Renfield review – gory fun as Nicolas Cage gets his teeth into Dracula

This starry vampire caper borrows from the best bits of Hollywood monster movies and features some truly resplendent gore, but its tone and its morals are a bit off

The 1988 movie Vampire’s Kiss, about a lonely lothario with delusions of vampirism, may have flopped at the box office, but it did help establish Nicolas Cage’s idiosyncratic performance style. Perhaps inevitably, he has now brought his eye-popping instincts and shouty charisma to the role of Count Dracula – with most pleasing results.
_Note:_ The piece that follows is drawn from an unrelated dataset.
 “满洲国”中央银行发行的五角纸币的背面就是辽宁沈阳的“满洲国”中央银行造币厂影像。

Cage’s Dracula doesn’t have top billing here, however; that goes to his longtime servant, played as a meek-but-mighty Englishman by Nicholas Hoult. In this modern-day telling, Renfield’s bug-eating is the source of his super-strength, not a mark of madness, and he wants out of what he sees as an abusive relationship with his over-demanding boss. But his breaking free is complicated by a blossoming romance with Rebecca Quincy (Awkwafina), a New Orleans cop determined to bring a local crime family to justice.
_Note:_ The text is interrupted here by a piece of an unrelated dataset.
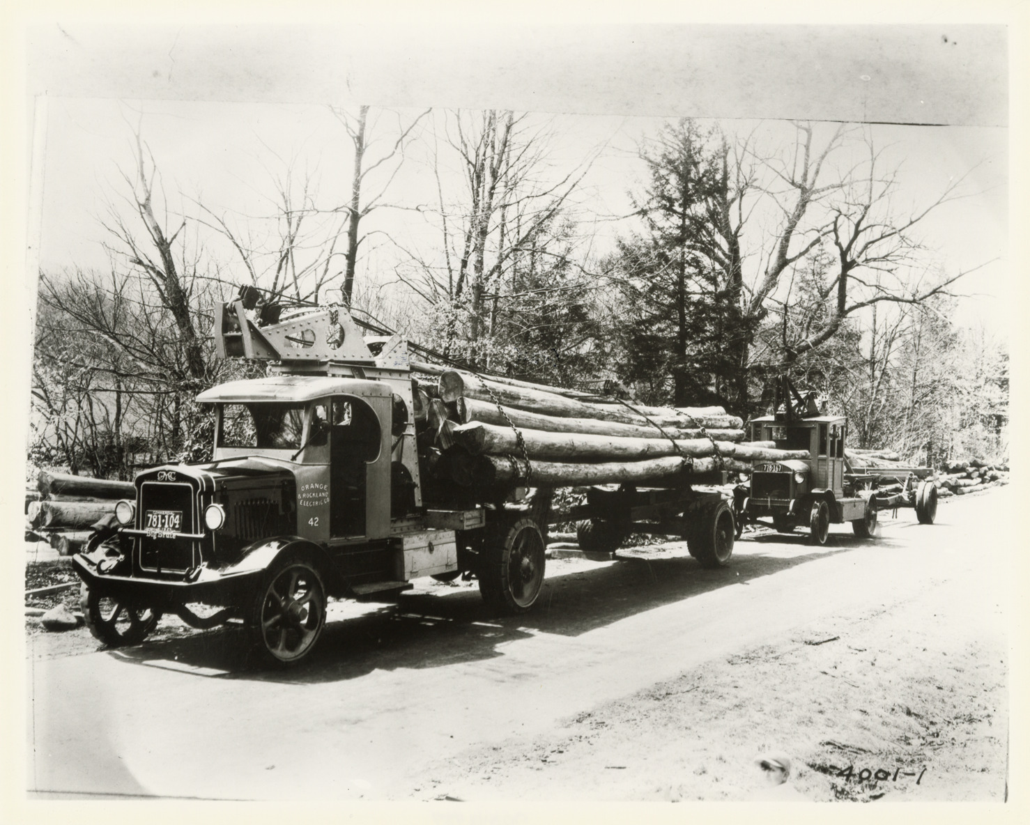 Favorite this☆ GMC Big Brute truck hauling logs, Orange & Rockland Electric Co. Description: View of a GMC Big Brute truck hauling logs for the Orange & Rockland Electric Co. "Orange & Rockland Electric Co." is painted on side of truck. Handwritten on back: "GMC." Details Resource ID: na048489 Subject: GMC trucks Log transportation Photographic prints Date Issued: 1925 Format: 1 photographic print ; 8 x 10 in. Member of: National Automotive History Collection Filing Location: MS121/VanDegrift, Thomas, 9:5 Rights: Physical rights are retained by DPL. Copyright is retained in accordance with U.S. copyright laws.

In this way, Renfield efficiently sucks only the best and bloodiest lore from decades of Hollywood monster movies. A black-and-white preamble, in the stye of Bela Lugosi’s 1930s heyday, nicely sets up the master-servant relationship, while the whole “lifeforce-draining monster” metaphor is comically reinvented for Renfield’s therapy support group for victims of narcissistic personalities. (So very What We Do in the Shadows.)

As you’d expect from a movie originated by Robert Kirkman of The Walking Dead zombie franchise, Renfield is also resplendent in gore. Dracula’s grotesque visage – decaying in reverse as he gathers strength – is a prosthetics triumph, and in one fight scene our hero rips an opponent’s arms from his torso then uses the severed limbs as clubs to batter his next victim. Cool!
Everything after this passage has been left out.